RG decreases inducible nitric oxide synthase (iNOS), reactive oxygen species (ROS), and p53 levels and increases cyclin-dependent kinase 2 (CDK2) and cyclin D1 levels. (A) iNOS expression levels in the gastrocnemius muscle measured via Western blotting. (B) Quantitative graph for Western blotting of (A). (C) SOD activity in the gastrocnemius muscle measured via ELISA. (D) Protein levels of p53, ace-p53, CDK2, and Cyclin D1 in the gastrocnemius muscle measured via Western blotting. (E,F,H) Quantitative graph for Western blots of ace-p53/p53 (E), CDK2 (F), and cyclin D1 (H) levels. To account for variations in protein loading, the Western blotting quantification was adjusted by normalizing it with β-actin, which served as a control protein for loading.
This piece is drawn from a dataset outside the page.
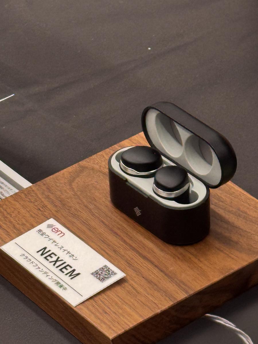 エミライは輸入代理店として様々なオーディオブランドの製品を取り扱っているが、オリジナルブランドの完全ワイヤレスイヤホン「NEXIEM」を開発し、GREEN FUNDINGでクラウドファンディングを実施中だ。

To ensure consistency, the values for each blot were expressed relative to the average of the non-CUMS group. (G) Proliferating cell nuclear antigen (PCNA) expression levels in the gastrocnemius muscle measured via immunohistochemistry (The arrow points to the PCNA positive signal). Scale bar = 60 μm. (I) Quantitative graph for immunohistochemistry of (G). Data are represented as the mean ± standard error (Sample size, n = 5). ***, p < 0.001, non-CUMS/Saline vs. CUMS/Saline; $, p < 0.05, or $$$, p < 0.001, CUMS/Saline vs. CUMS/RG or GABA; #, p < 0.05, ##, p < 0.01 or ###, p < 0.001 CUMS/RG vs. CUMS/GABA (Tukey’s test).

Figure 5

RG attenuates muscle atrophy caused by stress. (A) These are representative images of the gastrocnemius muscle. Scale bar = 5 mm. (B) A quantitative graph of gastrocnemius muscle weight was normalized to body weight. (C) This is a graph of and the longest transverse length of the gastrocnemius muscle. (D,E) The gastrocnemius muscle fiber cross-sectional area was measured via hematoxylin and eosin (H&E) staining. Scale bar = 30 μm. (F) Grip strength was measured using a meter. (G) Summary of this study. RG decreased (↓) stress hormone (ACTH and cortisol) secretion and downregulated (↓) the expression of GR, Klf15, and Redd-1, leading to the increased (↑) activation of the mTOR/s6k/4E-BP1 pathway. Additionally, RG elevated (↑) the IGF-1/AKT levels, decreased (↓) the FoxO3a/Atrogin-1/MuRF1 levels, and reduced (↓) the iNOS and acetylated p53 levels, resulting in enhanced (↑) expression levels of CDK2 and cyclin D1. Furthermore, RG improved (↑) the gastrocnemius muscle fiber CSA and grip strength in chronic unpredictable mild stress (CUMS) animals. Data are represented as the mean ± standard error (Sample size, n = 5). ***, p < 0.001, non-CUMS/Saline vs. CUMS/Saline; $, p < 0.05, $$, p < 0.01 or $$$, p < 0.001, CUMS/Saline vs. CUMS/RG or GABA; #, p < 0.05 or ###, p < 0.001, CUMS/RG vs. CUMS/GABA (Tukey’s test).